Thanks as always you guys are a big help. To fill large cracks I should probably use 206 hardner as mentioned in my last post since you want the epoxy to be thick right?


----------



## sailingdog (Mar 19, 2006)

Depends on the temperature, but generally, if you're thickening the epoxy, using the slow hardener is a good idea, since you need to spend extra time mixing...


----------



## TSOJOURNER (Dec 16, 1999)

*Deck Gel Coat Cracks Question*

A moisture meter shows moisture in my deckd where there are cracks in the gel coat. Can I just drill some holes and fill with Creeping Crack Filler or Git Rot? Seems to me that it will stop the rot and strenthen the deck. The stuff is premixed and ready to go. - Capt. Ron


----------



## TSOJOURNER (Dec 16, 1999)

Can I just fill the deck cracks with Creeping Crack Filler or Git Rot? Should strengthen the deck and eliminate the rot from moisture intrusion. What do you experts out there think? A moisture meter shows moisture in the deck at the location where the cracks recently appeared.


----------



## TSOJOURNER (Dec 16, 1999)

I have an area where I have to do the same repair. 
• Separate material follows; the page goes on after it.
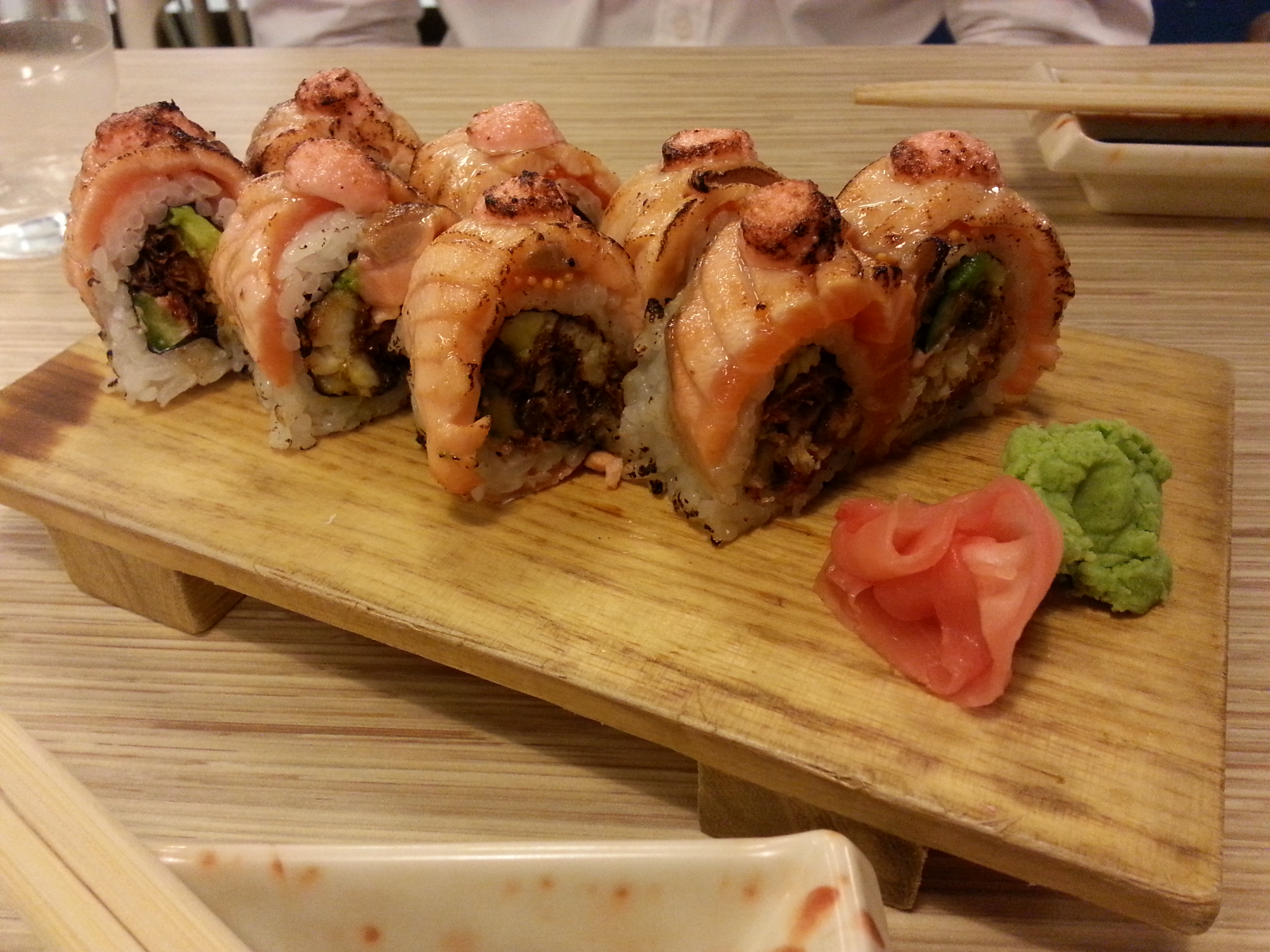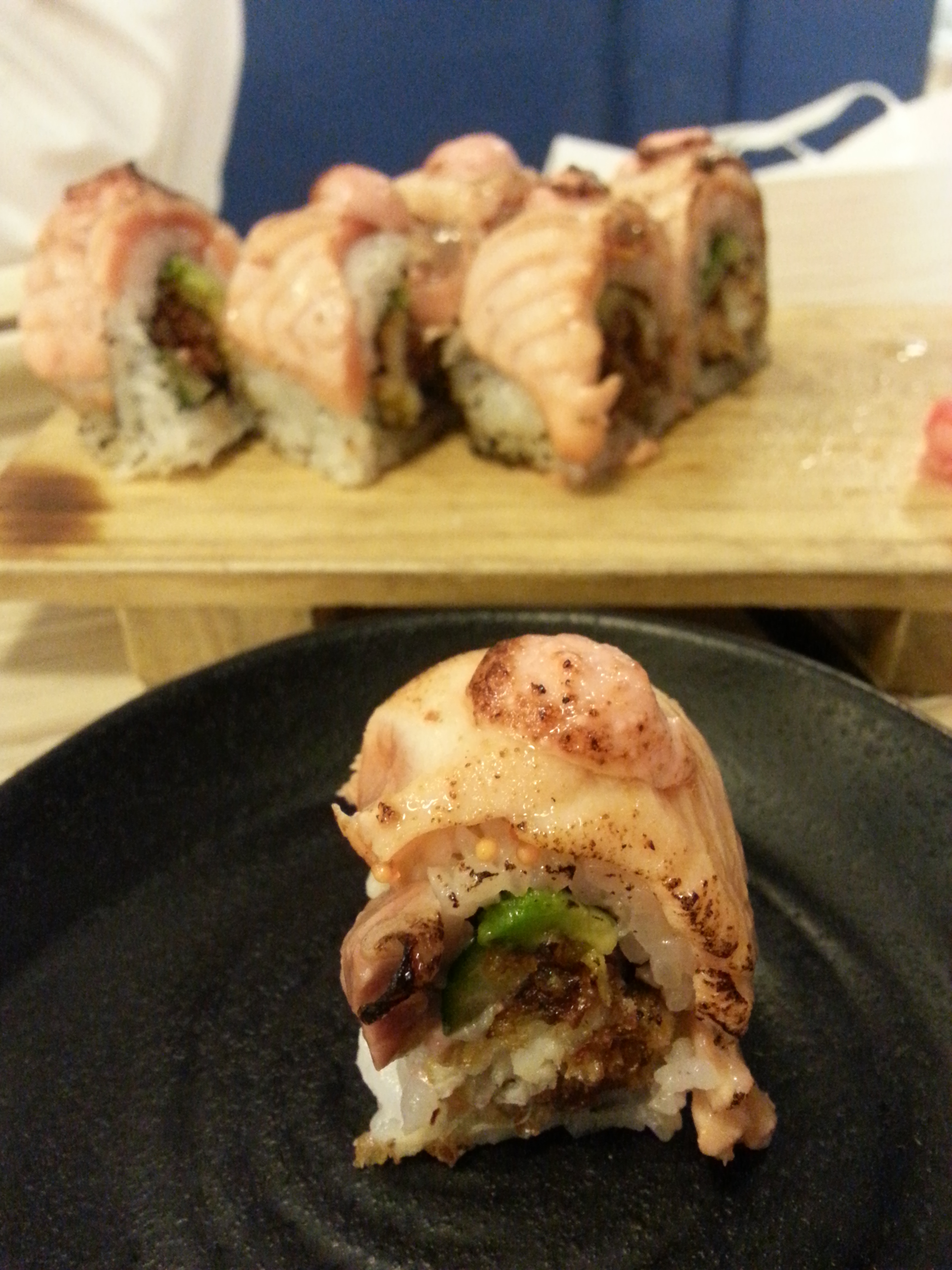 we all really enjoyed this! they have normal aburi salmon maki too, but this one with soft shell crab was recommended by a friend so this is what we tried! i must say sushi bar does their aburi salmon very well – torched just enough to cook a thin top layer of the otherwise raw salmon, it gives the generous pieces that hug the rolls an almost melt-in-your-mouth effect. the rolls are stuffed with perfectly ripe avocado and soft shell crab that was fried nicely and most importantly in fresh oil.

The book I am using (Practical Sailor volume on maintenance and repair) recommends drilling in a pattern (I will have to check spacing later) and then letting it air dry (possibly with heat) for some time before filling it with thickened epoxy. You drill through the top skin and core but not the bottom. Then you have to refinish the deck. I am considering coming up from the bottom and epoxying in plugs in my holes and then adding some glass on the underside (cabin roof) after drying. I can seal with epoxy on top and then paint. But that is not what the book says to do and I could end up regretting it.


----------



## sailingdog (Mar 19, 2006)

You really need to repair whatever is causing the deck's gelcoat to crack and re-inforce it before doing anything else. Creeping Crack Filler and Git Rot will not do that. They'll probably not help much with preventing future water intrusion either.


rarelyontime said:


> Can I just fill the deck cracks with Creeping Crack Filler or Git Rot? Should strengthen the deck and eliminate the rot from moisture intrusion. What do you experts out there think? A moisture meter shows moisture in the deck at the location where the cracks recently appeared.


----------



## TSOJOURNER (Dec 16, 1999)

In my case, the cracks appear to be from an impact and once sealed I don't think moisture will come in there again. There are a couple of places where I have cracks but I am not sure I have moisture; I am assuming that sealing the top will be adequate there, but I will drill a hole just to get a sample from the bottom and plug it. If the sample is moist, I will drill more, dry and then plug. Soft spots would require a different approach.


----------



## helmsmatt (Jul 29, 2002)

I did have crazing (not stress cracks) throughout my deck gelcoat.
I was able to re-gelcoat, but it wasn't easy.
First, I sanded the surface,
Then I brushed on a relatively thick layer of gelcoat.
Then I block sanded the gelcoat to get it flat. This would sand most of the new gelcoat off, but filled the crazing.
Then I sprayed several coats of gelcoat.
A light sanding with 400 and 600 grit flattened the orange peel.
Compound, wax, done.
I didn't want to paint, as a similar amount of labor for paint or gelcoat results in a shorter life for painted surfaces vs. gelcoat. Gelcoat is easier to repair also.
For more detail, email me.


----------



## sanctuarysam (Sep 16, 2006)

*has anybody heard of/tried this?*

i have a couple of spots on my deck and came across this site..not sure if it's any good or not..
anybody seen this stuff?
http://www.epoxyproducts.com/capt.html

thanks,
sam


----------



## Idiens (Jan 9, 2007)

sanctuarysam said:


> i have a couple of spots on my deck and came across this site..not sure if it's any good or not..
> anybody seen this stuff?
> http://www.epoxyproducts.com/capt.html
> 
> ...


I have used it, frankly it didn't work too well.


----------



## cardiacpaul (Jun 20, 2006)

ummmm
catalinadirect has a kit for the stanchions
http://www.catalinadirect.com/index.cfm?fuseaction=product.display&Product_ID=30

might just as well do the chainplates too
http://www.catalinadirect.com/index.cfm?fuseaction=product.display&Product_ID=12


----------



## chucklesR (Sep 17, 2007)

I had a couple of scratches in the gel on my boat, and since I had a chunk of 'miracle cloth' (metal polishing primarily, but said it was good on fiberglass so what the heck) in my hand I rubbed at them.
Long story short, they went away, the chemicals in the cloth compounded the surface, filled the scratch, and polished the area to where I can neither see nor feel where the problem was.
Mind you, this wasn't crazing or cracking, just a scratch.


----------